1) Furmark doesn't put a big load on the CPU, but it does put some so it's not sitting idle. You can't just add 100W for the CPU on top of a Furmark run to get a full load estimate.

Also, efficiency between 90% and 100% load on a Gold 80 PSU is spec'd around 87% ( though some models have better than spec efficiency. ) The 802 watts pulled is actually closer to 705 watts delivered to the internals. That particular PSU can handle up to 744W on the 12V rail alone. Yes, it's a heavy load, but that's only happening on a torture test. Heavy gaming is only drawing 682W, which is about 80% load on the PSU. If you were mining with this rig, or wanted it at full-tilt most of the time, then stepping up to an 850W PSU makes sense. Otherwise the 750W is adequate.

2) Tom has said multiple times in the past that he's a fan of blower GPU coolers because they fully exhaust heat. The blowers also serve two purposes in this particular build. First, since Haswell is such a finicky OCer, I can understand that he didn't want recycled exhaust heat from the GPUs in the case. Second, blowers make cooling less a headache with SLI configs due to the limited space between cards.

3) Fair enough, but if you're trying to cram as much as possible into the build, dropping to a $125 board makes sense. ASRock's Extreme4 line is very respectable and hardly a sacrifice in terms of mboard features.
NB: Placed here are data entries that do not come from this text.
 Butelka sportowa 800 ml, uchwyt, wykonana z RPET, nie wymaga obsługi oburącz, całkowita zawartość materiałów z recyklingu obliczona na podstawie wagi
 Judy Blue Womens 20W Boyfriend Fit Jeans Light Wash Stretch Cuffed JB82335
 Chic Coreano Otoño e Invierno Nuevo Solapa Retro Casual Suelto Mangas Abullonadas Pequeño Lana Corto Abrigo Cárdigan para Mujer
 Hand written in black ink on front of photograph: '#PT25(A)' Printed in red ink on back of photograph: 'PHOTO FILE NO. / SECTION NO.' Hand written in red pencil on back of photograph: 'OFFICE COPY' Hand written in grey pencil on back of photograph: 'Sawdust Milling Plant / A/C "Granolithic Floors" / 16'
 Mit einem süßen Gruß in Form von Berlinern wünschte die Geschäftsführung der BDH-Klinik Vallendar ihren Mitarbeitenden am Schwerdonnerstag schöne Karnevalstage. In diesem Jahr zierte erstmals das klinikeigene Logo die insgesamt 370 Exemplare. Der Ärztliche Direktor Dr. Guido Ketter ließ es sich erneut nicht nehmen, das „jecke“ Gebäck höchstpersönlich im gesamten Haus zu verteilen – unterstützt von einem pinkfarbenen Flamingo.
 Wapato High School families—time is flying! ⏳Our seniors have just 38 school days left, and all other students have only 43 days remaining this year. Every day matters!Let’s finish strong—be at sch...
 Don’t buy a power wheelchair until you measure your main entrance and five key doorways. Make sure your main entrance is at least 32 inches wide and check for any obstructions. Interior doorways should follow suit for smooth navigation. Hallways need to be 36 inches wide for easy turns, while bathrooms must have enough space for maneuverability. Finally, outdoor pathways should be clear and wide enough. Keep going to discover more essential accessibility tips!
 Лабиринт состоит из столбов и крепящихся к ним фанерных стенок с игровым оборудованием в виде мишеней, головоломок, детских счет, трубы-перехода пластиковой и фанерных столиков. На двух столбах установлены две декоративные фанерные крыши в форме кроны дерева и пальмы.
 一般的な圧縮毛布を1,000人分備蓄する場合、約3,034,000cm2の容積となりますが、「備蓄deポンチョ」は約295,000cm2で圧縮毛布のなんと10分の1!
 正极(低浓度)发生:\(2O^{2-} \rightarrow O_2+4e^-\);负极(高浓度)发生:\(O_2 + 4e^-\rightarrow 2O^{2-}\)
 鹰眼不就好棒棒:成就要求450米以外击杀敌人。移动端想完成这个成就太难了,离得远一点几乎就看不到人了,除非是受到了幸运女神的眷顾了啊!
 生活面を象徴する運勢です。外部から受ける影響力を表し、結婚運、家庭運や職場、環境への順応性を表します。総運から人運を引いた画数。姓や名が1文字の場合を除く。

4) Again, fair enough. RAM prices seem a little volatile right now. But as Newegg has to be the vendor for these, those are the prices you have to go by.
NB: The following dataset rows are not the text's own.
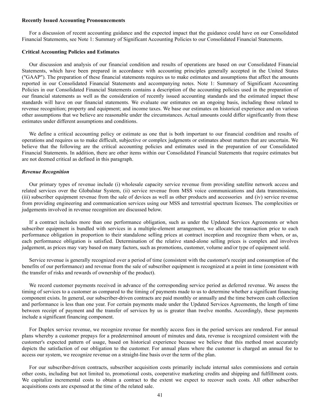 41   Recently Issued Accounting Pronouncements     For a discussion of recent accounting guidance and the expected impact that the guidance could have on our Consolidated  Financial Statements, see Note 1: Summary of Significant Accounting Policies to our Consolidated Financial Statements.     Critical Accounting Policies and Estimates     Our discussion and analysis of our financial condition and results of operations are based on our Consolidated Financial  Statements, which have been prepared in accordance with accounting principles generally accepted in the United States  ("GAAP"). The preparation of these financial statements requires us to make estimates and assumptions that affect the amounts  reported in our Consolidated Financial Statements and accompanying notes. Note 1: Summary of Significant Accounting  Policies in our Consolidated Financial Statements contains a description of the accounting policies used in the preparation of  our financial statements as well as the consideration of recently issued accounting standards and the estimated impact these  standards will have on our financial statements. We evaluate our estimates on an ongoing basis, including those related to  revenue recognition; property and equipment; and income taxes. We base our estimates on historical experience and on various  other assumptions that we believe are reasonable under the circumstances. Actual amounts could differ significantly from these  estimates under different assumptions and conditions.     We define a critical accounting policy or estimate as one that is both important to our financial condition and results of  operations and requires us to make difficult, subjective or complex judgments or estimates about matters that are uncertain. We  believe that the following are the critical accounting policies and estimates used in the preparation of our Consolidated  Financial Statements. In addition, there are other items within our Consolidated Financial Statements that require estimates but  are not deemed critical as defined in this paragraph.    Revenue Recognition     Our primary types of revenue include (i) wholesale capacity service revenue from providing satellite network access and  related services over the Globalstar System, (ii) service revenue from MSS voice communications and data transmissions,  (iii) subscriber equipment revenue from the sale of devices as well as other products and accessories  and (iv) service revenue  from providing engineering and communication services using our MSS and terrestrial spectrum licenses. The complexities or  judgements involved in revenue recognition are discussed below.    If a contract includes more than one performance obligation, such as under the Updated Services Agreements or when  subscriber equipment is bundled with services in a multiple-element arrangement, we allocate the transaction price to each  performance obligation in proportion to their standalone selling prices at contract inception and recognize them when, or as,  each performance obligation is satisfied. Determination of the relative stand-alone selling prices is complex and involves  judgement, as prices may vary based on many factors, such as promotions, customer, volume and/or type of equipment sold.     Service revenue is generally recognized over a period of time (consistent with the customer's receipt and consumption of the  benefits of our performance) and revenue from the sale of subscriber equipment is recognized at a point in time (consistent with  the transfer of risks and rewards of ownership of the product).     We record customer payments received in advance of the corresponding service period as deferred revenue. We assess the  timing of services to a customer as compared to the timing of payments made to us to determine whether a significant financing  component exists. In general, our subscriber-driven contracts are paid monthly or annually and the time between cash collection  and performance is less than one year. For certain payments made under the Updated Services Agreements, the length of time  between receipt of payment and the transfer of services by us is greater than twelve months. Accordingly, these payments  include a significant financing component.    For Duplex service revenue, we recognize revenue for monthly access fees in the period services are rendered. For annual  plans whereby a customer prepays for a predetermined amount of minutes and data, revenue is recognized consistent with the  customer's expected pattern of usage, based on historical experience because we believe that this method most accurately  depicts the satisfaction of our obligation to the customer. For annual plans where the customer is charged an annual fee to  access our system, we recognize revenue on a straight-line basis over the term of the plan.    For our subscriber-driven contracts, subscriber acquisition costs primarily include internal sales commissions and certain  other costs, including but not limited to, promotional costs, cooperative marketing credits and shipping and fulfillment costs.  We capitalize incremental costs to obtain a contract to the extent we expect to recover such costs. All other subscriber  acquisitions costs are expensed at the time of the related sale.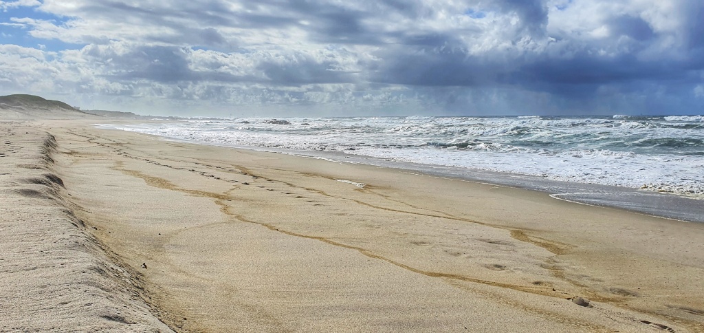 On we walked, sticking to the wet sand and then moving to a flatter part of the beach and dry sand. The last 4km were quite hard, sand walking isn’t as easy or as romantic as it sounded. We could see boardwalks on the dunes above us so we scrambled up to walk on those. Sadly due to works on the beach the boardwalk came to an abrupt end. There was nothing for it than to retrace our steps and head back to where we were. Getting down from the dunes was quite steep so the only way back to the beach with a pack was to run… it was actually good fun!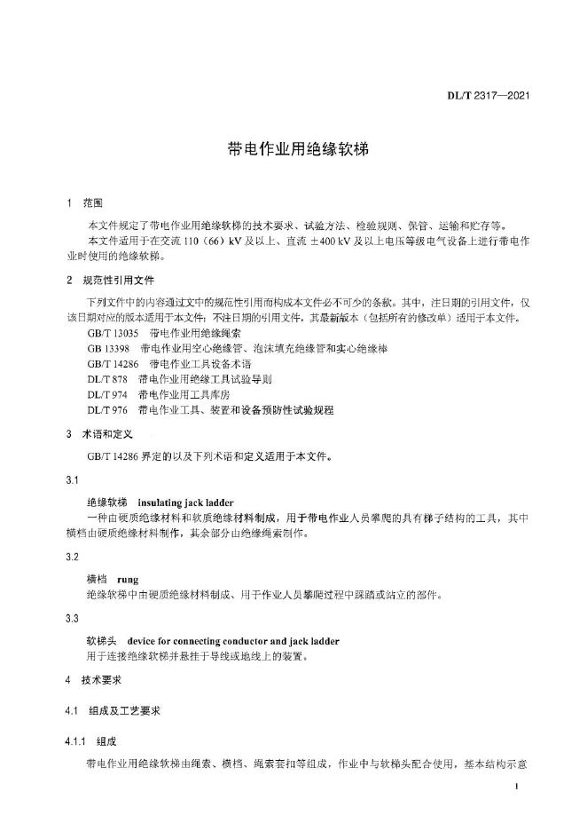 DL/T 2317-2021 带电作业用绝缘软梯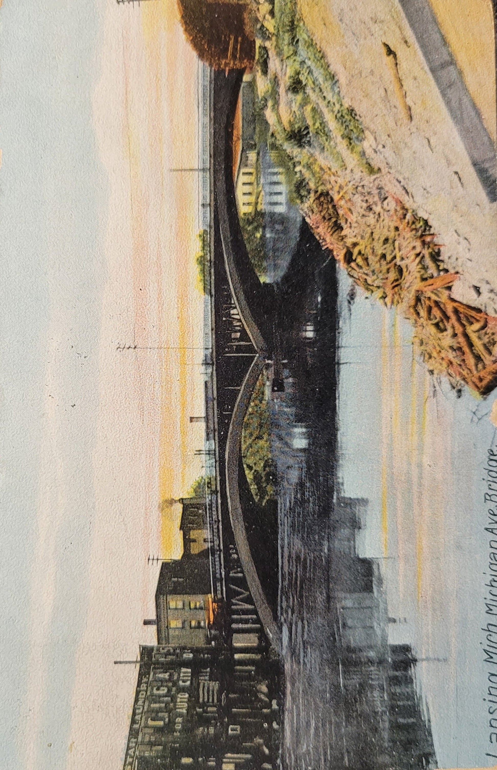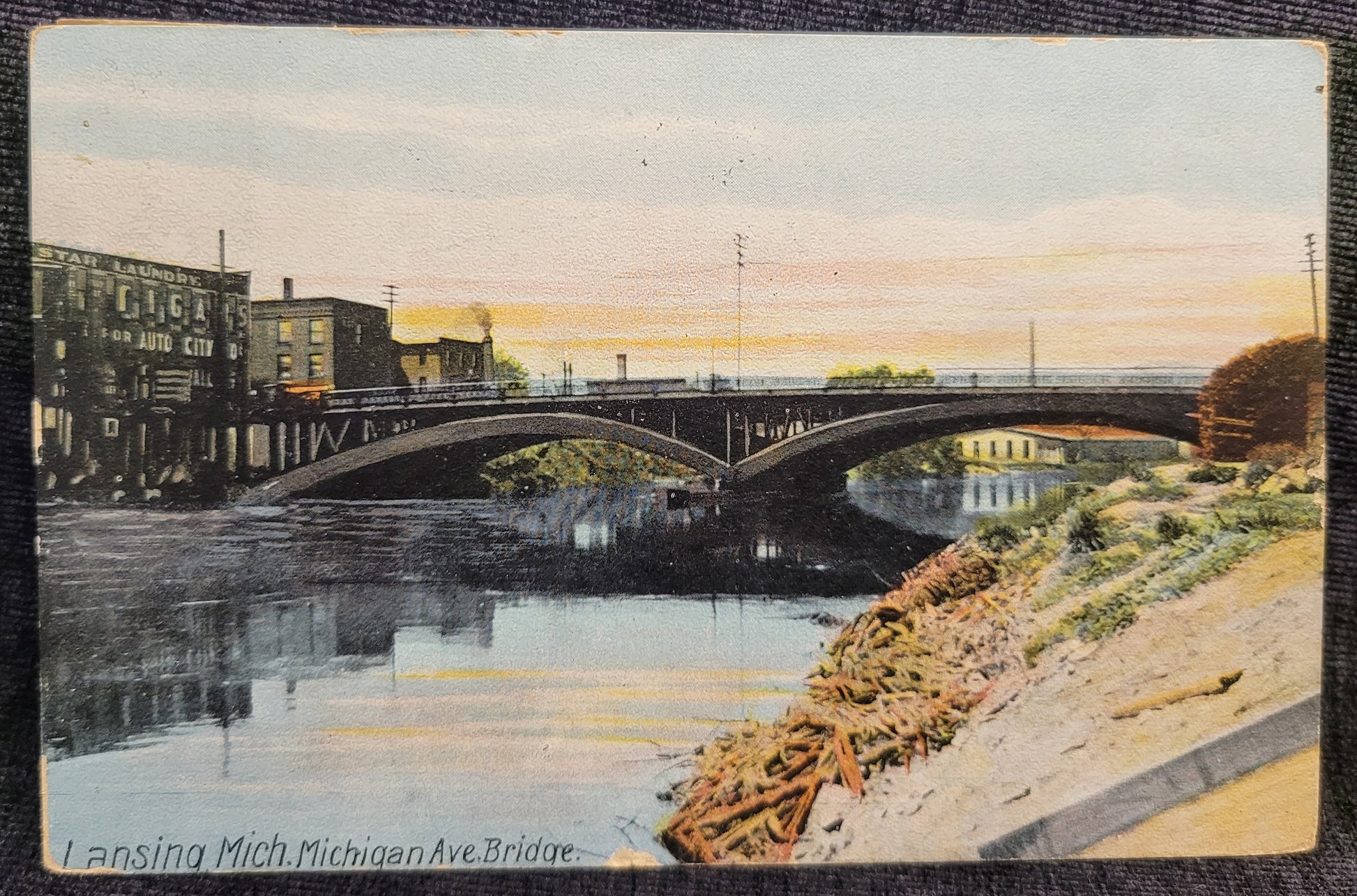 Lansing Michigan, Michigan Ave. Bridge - Hand Tinted Real Photo Postcard

5) Hybrid drives offer some great trade-offs for people who want the simplicity. But hybrids are still limited by the size of the cache. Your boot sequence will always take up some of the cache, and if you bounce between a lot of programs, then you won't see as much gain since the cache is shifting a lot. In laptops with limited drive bays, they're a no-brainer. But in a desktop where I can easily fit multiple drives, I'll pay extra for separate boot and data drives. And if you don't want to bother with multiple drive letters, I'd rather get a 30GB - 60GB SSD and set it up as a HDD cache.
 


Well it is too bad they don't have many SanDisk Extremes left since they are moving to the "Ultra-Plus" Version, but I have both of them on my system, a 120 GB Extreme, and a 128 GB Ultra-Plus, and they are holding up very well, I mean heck to add a tip most of the SSDs(if very lucky) can last up to almost 200 years in terms of how they are stored(when I managed to add how Many Hours before the SSD would Fail).
 
That particular make of video card 780ti EVGA 03G-P4-2781-KR is pretty much sold out. Any substitutes you experts recommend?
 
Is it kewl to SLI on different build numbers of the EVGA? i found a couple refurbished ones on the cheap but they are different builds of the 780ti.
 
Out of stock on the processor too. maybe it might be a good idea to give alternatives in the next publication.